--- TASK ---
Every line of the material below should be output exactly as written, with the images skipped.

--- INPUT MATERIAL ---
═══

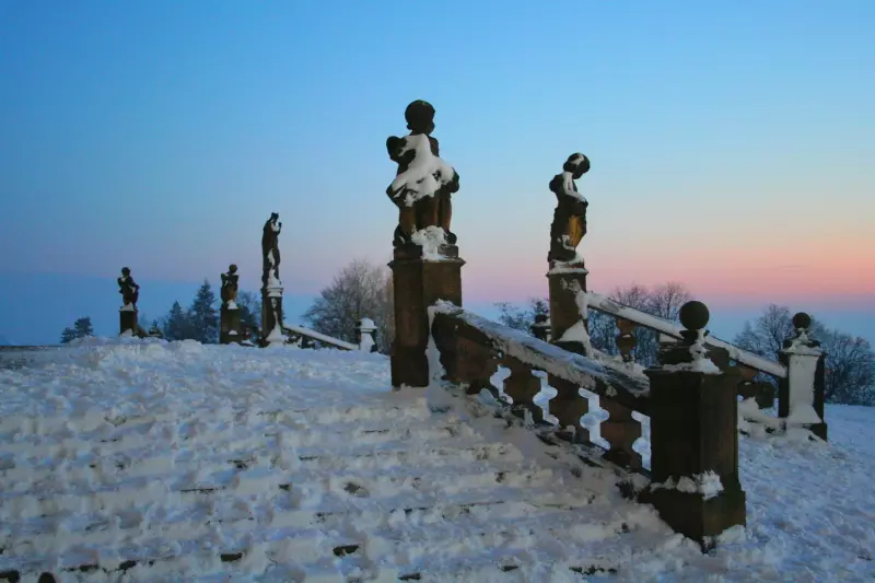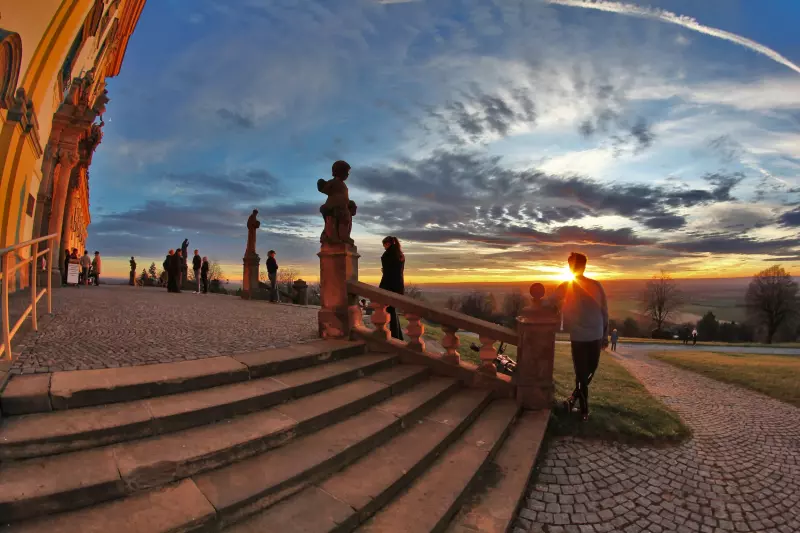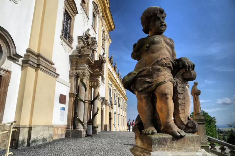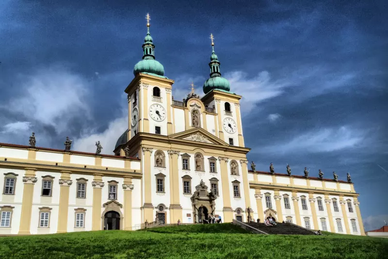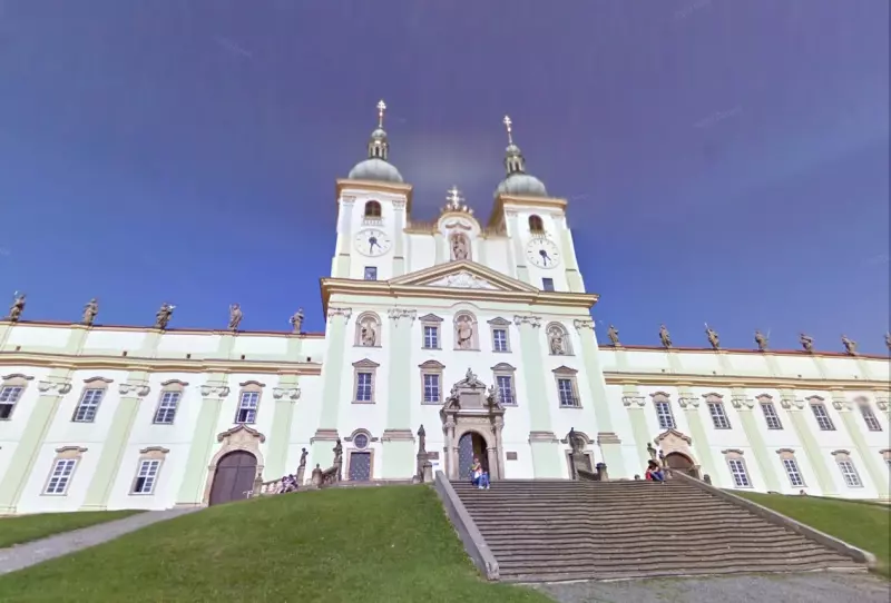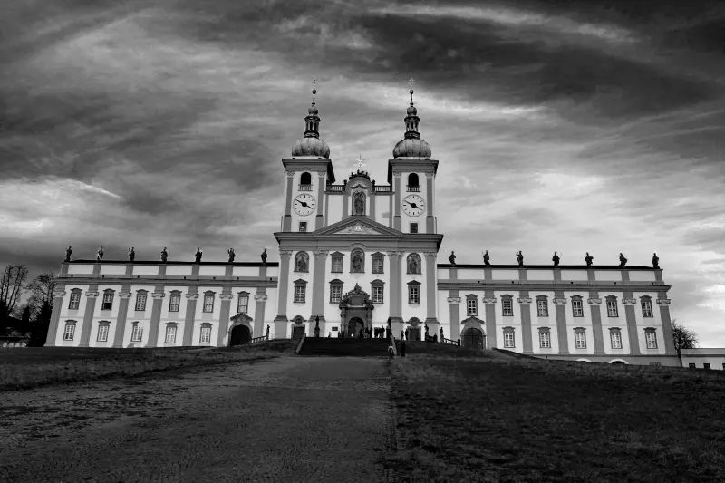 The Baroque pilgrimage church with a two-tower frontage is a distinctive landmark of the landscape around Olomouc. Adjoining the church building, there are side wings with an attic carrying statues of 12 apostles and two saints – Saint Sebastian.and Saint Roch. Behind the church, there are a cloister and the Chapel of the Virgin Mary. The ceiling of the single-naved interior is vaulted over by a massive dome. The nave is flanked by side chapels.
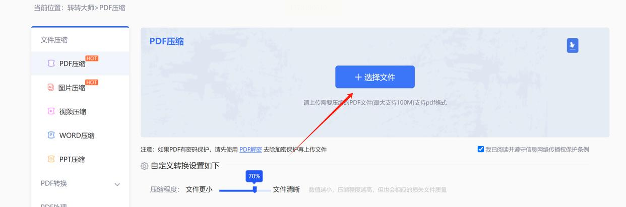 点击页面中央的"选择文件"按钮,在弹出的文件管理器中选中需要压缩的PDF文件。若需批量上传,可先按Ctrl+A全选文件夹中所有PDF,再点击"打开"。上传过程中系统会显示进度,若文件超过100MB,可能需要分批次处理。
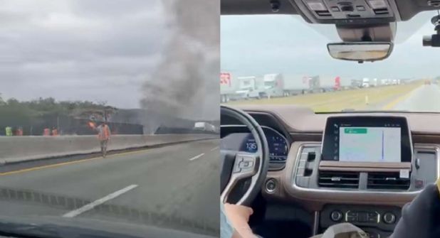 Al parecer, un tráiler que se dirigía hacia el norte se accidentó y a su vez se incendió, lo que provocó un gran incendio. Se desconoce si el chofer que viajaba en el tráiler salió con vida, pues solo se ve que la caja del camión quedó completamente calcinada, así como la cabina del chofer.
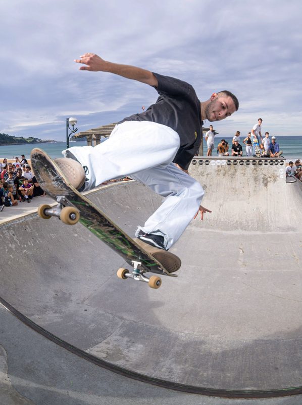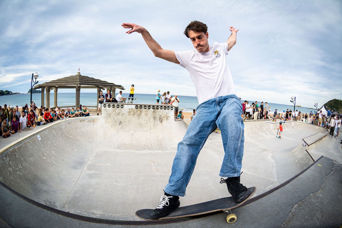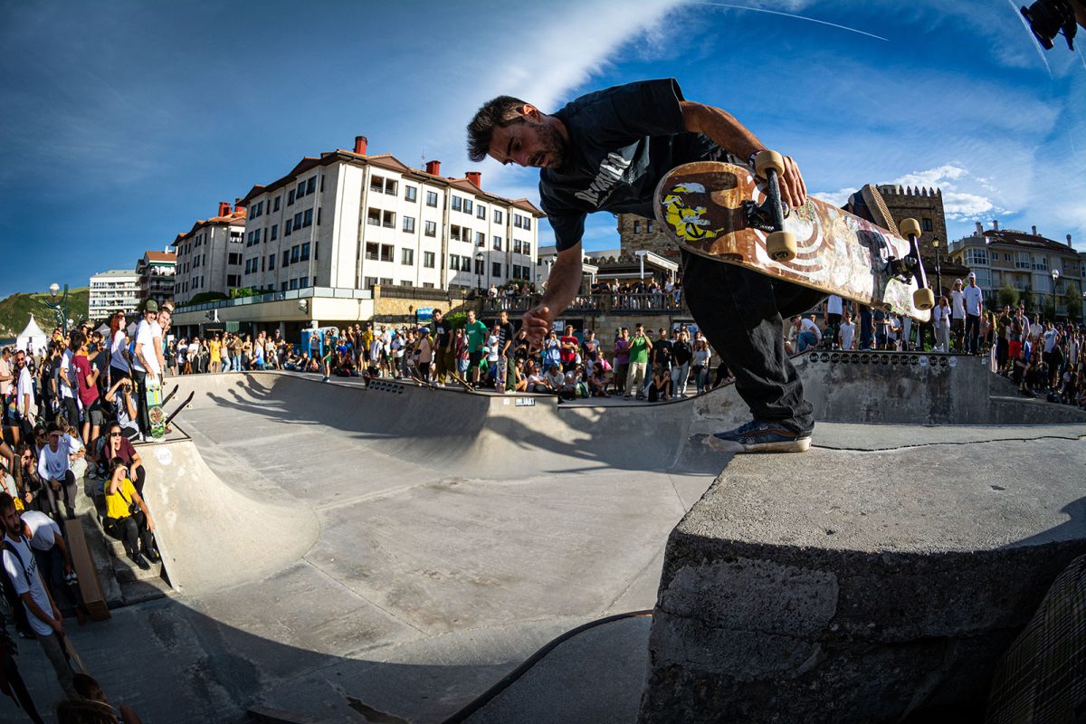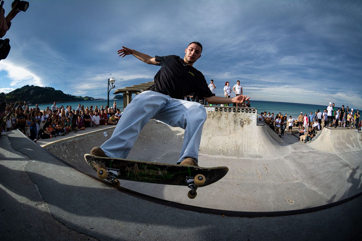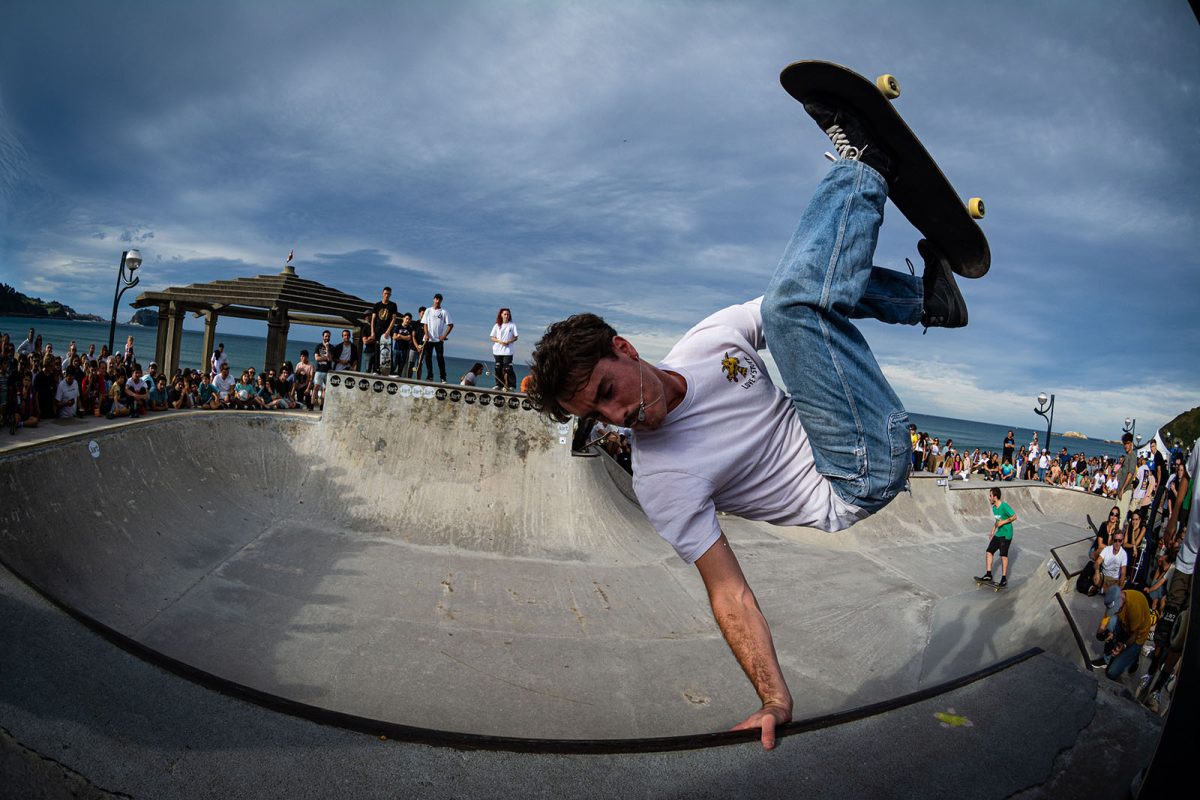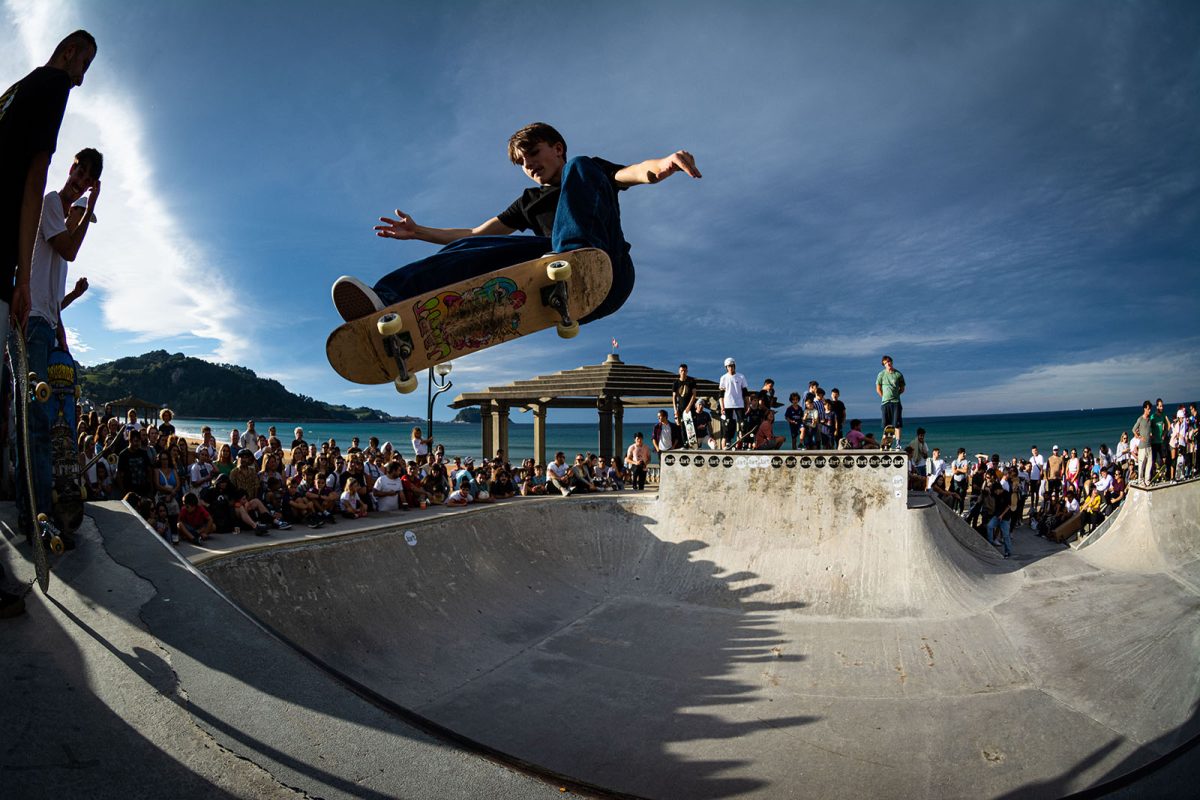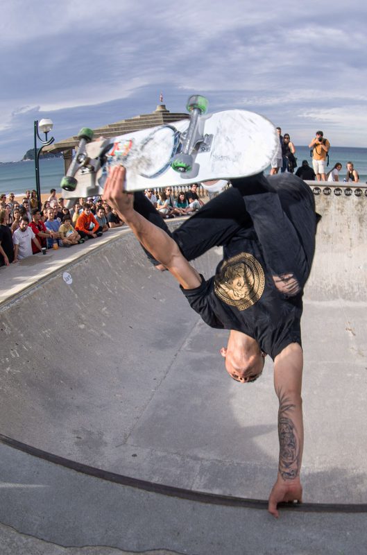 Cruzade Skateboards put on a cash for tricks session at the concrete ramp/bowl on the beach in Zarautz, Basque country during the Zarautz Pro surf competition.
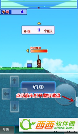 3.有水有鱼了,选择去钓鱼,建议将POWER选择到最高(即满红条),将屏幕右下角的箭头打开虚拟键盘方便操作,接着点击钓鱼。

═══

--- EXERCISE OUTPUT ---
 The Baroque pilgrimage church with a two-tower frontage is a distinctive landmark of the landscape around Olomouc. Adjoining the church building, there are side wings with an attic carrying statues of 12 apostles and two saints – Saint Sebastian.and Saint Roch. Behind the church, there are a cloister and the Chapel of the Virgin Mary. The ceiling of the single-naved interior is vaulted over by a massive dome. The nave is flanked by side chapels.
 点击页面中央的"选择文件"按钮,在弹出的文件管理器中选中需要压缩的PDF文件。若需批量上传,可先按Ctrl+A全选文件夹中所有PDF,再点击"打开"。上传过程中系统会显示进度,若文件超过100MB,可能需要分批次处理。
 Al parecer, un tráiler que se dirigía hacia el norte se accidentó y a su vez se incendió, lo que provocó un gran incendio. Se desconoce si el chofer que viajaba en el tráiler salió con vida, pues solo se ve que la caja del camión quedó completamente calcinada, así como la cabina del chofer.
 Cruzade Skateboards put on a cash for tricks session at the concrete ramp/bowl on the beach in Zarautz, Basque country during the Zarautz Pro surf competition.
 3.有水有鱼了,选择去钓鱼,建议将POWER选择到最高(即满红条),将屏幕右下角的箭头打开虚拟键盘方便操作,接着点击钓鱼。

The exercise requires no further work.